Available data:
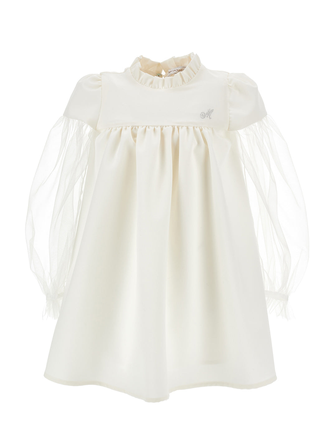 Κομψό φόρεμα μεψηλό λαιμό και διάφανα μανίκια σε τούλι, από την ιταλική μάρκα Monnalisa. Το μπούστο έχει υπέροχα στρας στο σχήμα του λογότυπου «M» της μάρκας. Μοντέρνα μανίκια από τούλι, με ελαστικές μανσέτες σε κομψό φουσκωτό σχήμα. Η φούστα είναι ενδεδυμένη με απαλό βαμβάκι για άνεση.
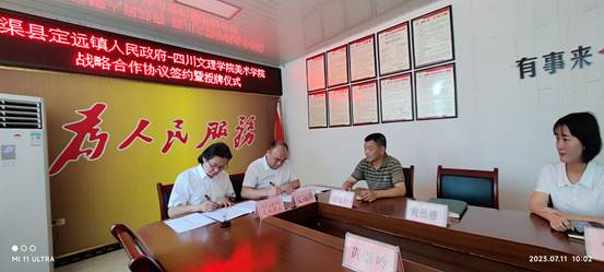 7月11日上午,Mksport体育与渠县定远镇人民政府战略合作协议签约暨实践教育基地授牌仪式在定远镇人民政府会议室举行。Mksport体育经理刘承川、党委委员黄崇岭、学工办主任贺艳洁,定远镇党委书记张雪梅、镇长郑卓林、党委副书记黄思雁、团寨村第一书记王天镓、团寨村支部书记张长春参加签约仪式。
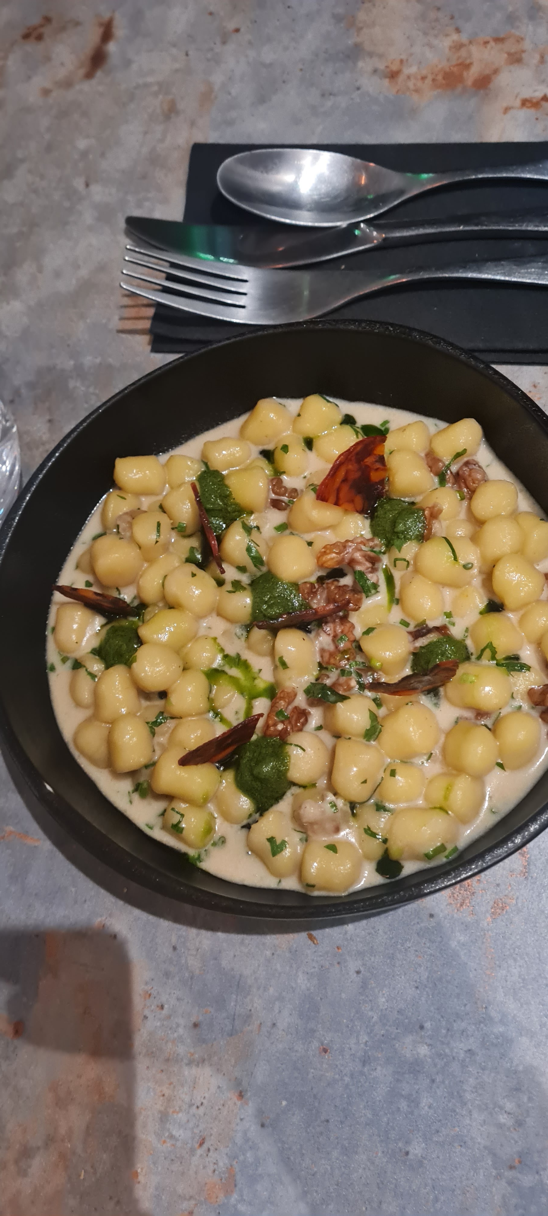 Le plat principal, les Gnocchettis, était particulièrement délicieux et ils l'ont gentiment préparé sans chorizo pour répondre à mes préférences alimentaires. La portion était généreuse et, même si j'étais assez rassasié, je me suis laissé aller et j'ai terminé le plat simplement parce que c'était très agréable. Le dessert, un Riz au lait a été une agréable surprise. Je m'attendais à un bon riz au lait savoureux, mais il s'est avéré non seulement délicieux, mais aussi très texturé et croquant. J'ai vraiment apprécié la taille du restaurant. On s'y sent bien, le service est excellent et les plats sont merveilleux. La prochaine fois que je serai à Juan-Les-Pins, j'y retournerai certainement.
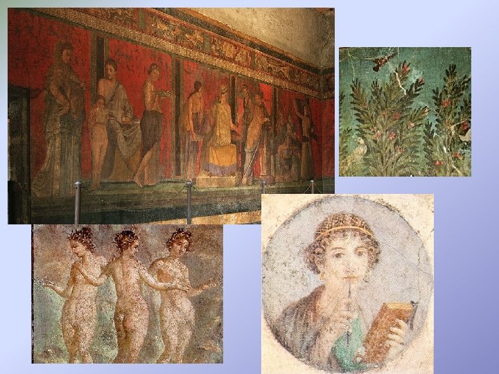 Malířství • portréty, krajiny, žánrová malba a zátiší • fresky, mozaiky, tabulová malba (nálezy z Pompejí, Herkulanea a Stabie - zničené r. 79 výbuchem Vesuvu, objevil před r. 1600 Domenico Fontano) • nápodoba obložení mramorem, zdání skutečné architektury, ornamenty • portréty na deskách ve víku rakve vystihující podobu zemřelého, malované temperou • Náměty fresek byly většinou zahrady a idylické krajiny, které měly jako malovaná architektura spoluvytvářet iluzi prostoru a zjemňovat místnost. Malíř si ke svému dílu pečlivě připravil stěny místností, i technika míchání barvy byla nesmírně složitá. Provedení fresek bylo precizní, se snahou o co nejreálnější znázornění. Malby byly často kopiemi řeckých obrazů nebo jimi byly úzce inspirovány, stejně jako řecké fresky však postrádaly využití principu světla a stínu.

Work item:
Please write out the lines from the one that holds "Le plat principal, les" through the end of the material, both ends included, exactly and with no pictures.

Answer:
 Le plat principal, les Gnocchettis, était particulièrement délicieux et ils l'ont gentiment préparé sans chorizo pour répondre à mes préférences alimentaires. La portion était généreuse et, même si j'étais assez rassasié, je me suis laissé aller et j'ai terminé le plat simplement parce que c'était très agréable. Le dessert, un Riz au lait a été une agréable surprise. Je m'attendais à un bon riz au lait savoureux, mais il s'est avéré non seulement délicieux, mais aussi très texturé et croquant. J'ai vraiment apprécié la taille du restaurant. On s'y sent bien, le service est excellent et les plats sont merveilleux. La prochaine fois que je serai à Juan-Les-Pins, j'y retournerai certainement.
 Malířství • portréty, krajiny, žánrová malba a zátiší • fresky, mozaiky, tabulová malba (nálezy z Pompejí, Herkulanea a Stabie - zničené r. 79 výbuchem Vesuvu, objevil před r. 1600 Domenico Fontano) • nápodoba obložení mramorem, zdání skutečné architektury, ornamenty • portréty na deskách ve víku rakve vystihující podobu zemřelého, malované temperou • Náměty fresek byly většinou zahrady a idylické krajiny, které měly jako malovaná architektura spoluvytvářet iluzi prostoru a zjemňovat místnost. Malíř si ke svému dílu pečlivě připravil stěny místností, i technika míchání barvy byla nesmírně složitá. Provedení fresek bylo precizní, se snahou o co nejreálnější znázornění. Malby byly často kopiemi řeckých obrazů nebo jimi byly úzce inspirovány, stejně jako řecké fresky však postrádaly využití principu světla a stínu.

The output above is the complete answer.